Sans Superellipse Soraz 7 is a very bold, normal width, medium contrast, upright, tall x-height font visually similar to 'American Diner' by Jonathan Macagba, 'Novaro' by Marvadesign, and 'FTY Konkrete' by The Fontry (names referenced only for comparison).
Keywords: headlines, posters, branding, signage, packaging, industrial, sporty, retro, assertive, compact, impact, modernize, bold branding, geometric uniformity, rounded corners, soft terminals, monoline, condensed feel, geometric.
A heavy, monoline sans built from rounded-rectangle and superellipse geometry, with squared-off curves and consistently softened corners. Counters are tight and apertures are relatively closed, creating dense, blocky silhouettes that read as sturdy and compact. Curved letters like C, G, O, and S look more like rounded boxes than circles, while vertical strokes stay straight and even, giving a stable rhythm. The overall texture is dark and uniform, with minimal modulation and a strong emphasis on verticality.
Best suited to large sizes where its dense shapes and tight counters can deliver maximum impact—headlines, poster typography, logos/wordmarks, packaging fronts, and wayfinding. It can work in short blocks of copy for display, but its dark texture and closed forms suggest avoiding long passages at small sizes.
The tone is bold and utilitarian with a sporty, retro-industrial edge. Its rounded-square forms feel mechanical yet friendly, projecting confidence and impact rather than delicacy. The font reads like it was designed for signage and bold statements where presence matters.

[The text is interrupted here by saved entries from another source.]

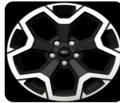
19" x 7.5" sériová výbava pre Active a Active X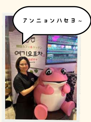
アンニョンハセヨ～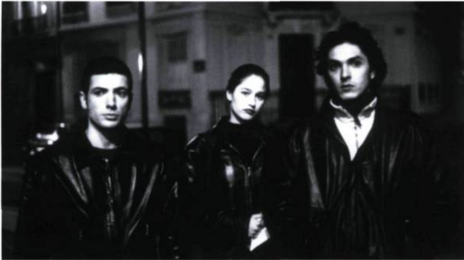
Bruno Putzulu, Marie Gillain et Olivier Sitruk

le rythme. Il s'adresse à notre sensibilité et à notre compréhension en s'attardant plus longuement afin de mieux tracer un portrait psychologique de la profonde détresse de ces jeunes laissés à eux-mêmes. De ces éternels adolescents qui sont finalement d'une ignorance et d'une inconscience à faire pleurer.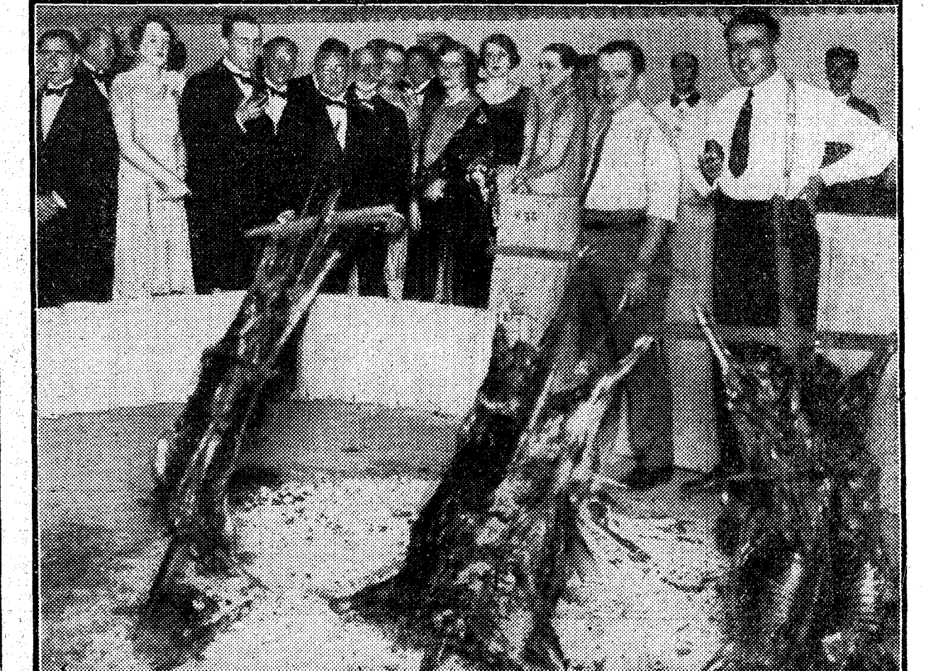
Las autoridades y los invitados presenciando el asado a la criolla en el Pabellón Argentino de la Exposición de Sevilla.

La fachada de la Basílica de Nuestra Señora de los Ermitaños, de aspecto severo, a pesar de sus ventanales, rososones y estatuas, y de proporciones gigantescas, es una verdadera maravilla, que nos recuerda otra que tenemos en España: El Escorial.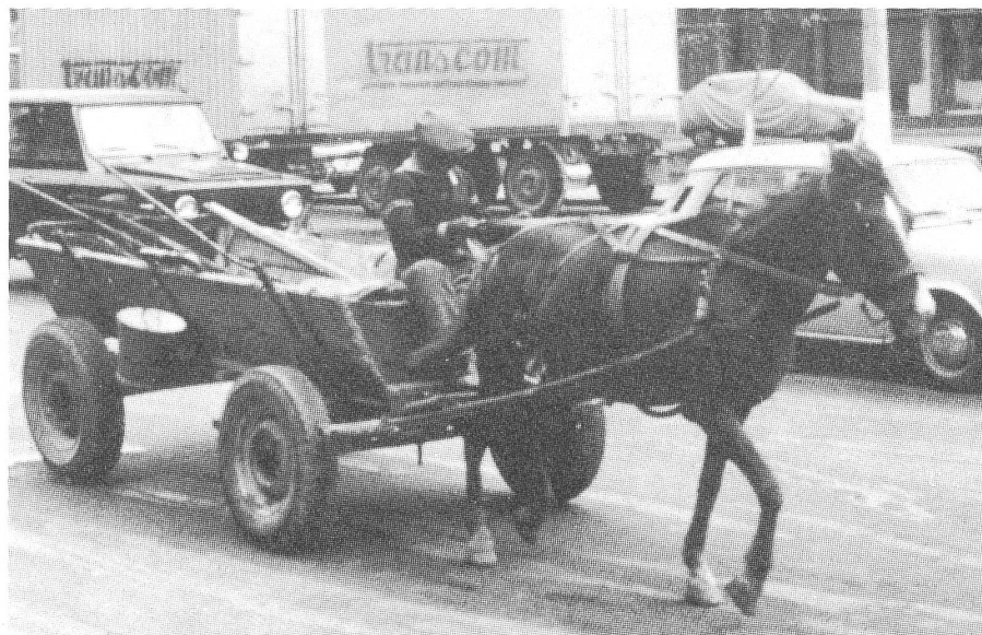
Was unfreiwillig noch gut ist: mehr Pferdegespanne in Bukarest.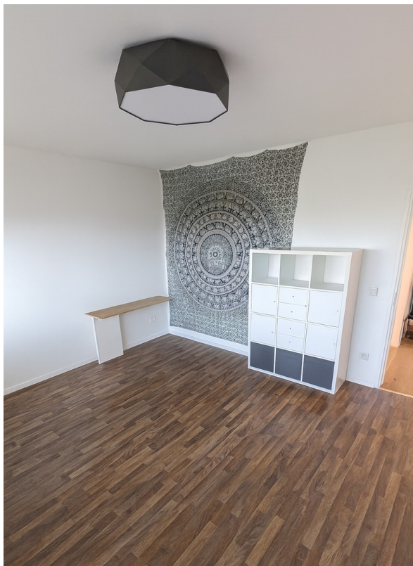
Büro / Kinderzimmer mit Balkon

The design appears intended to translate geometric, rounded-rectangle construction into a strong display voice that remains clean and modern. By keeping strokes uniform and corners consistently softened, it aims for high-impact legibility with a distinctive squared-round personality.
Many glyphs show a distinctive “pill” logic: straight sides with broad, rounded ends, and compact internal spaces. Numerals follow the same squared-round construction, helping mixed alphanumeric settings maintain a consistent, poster-like color on the page.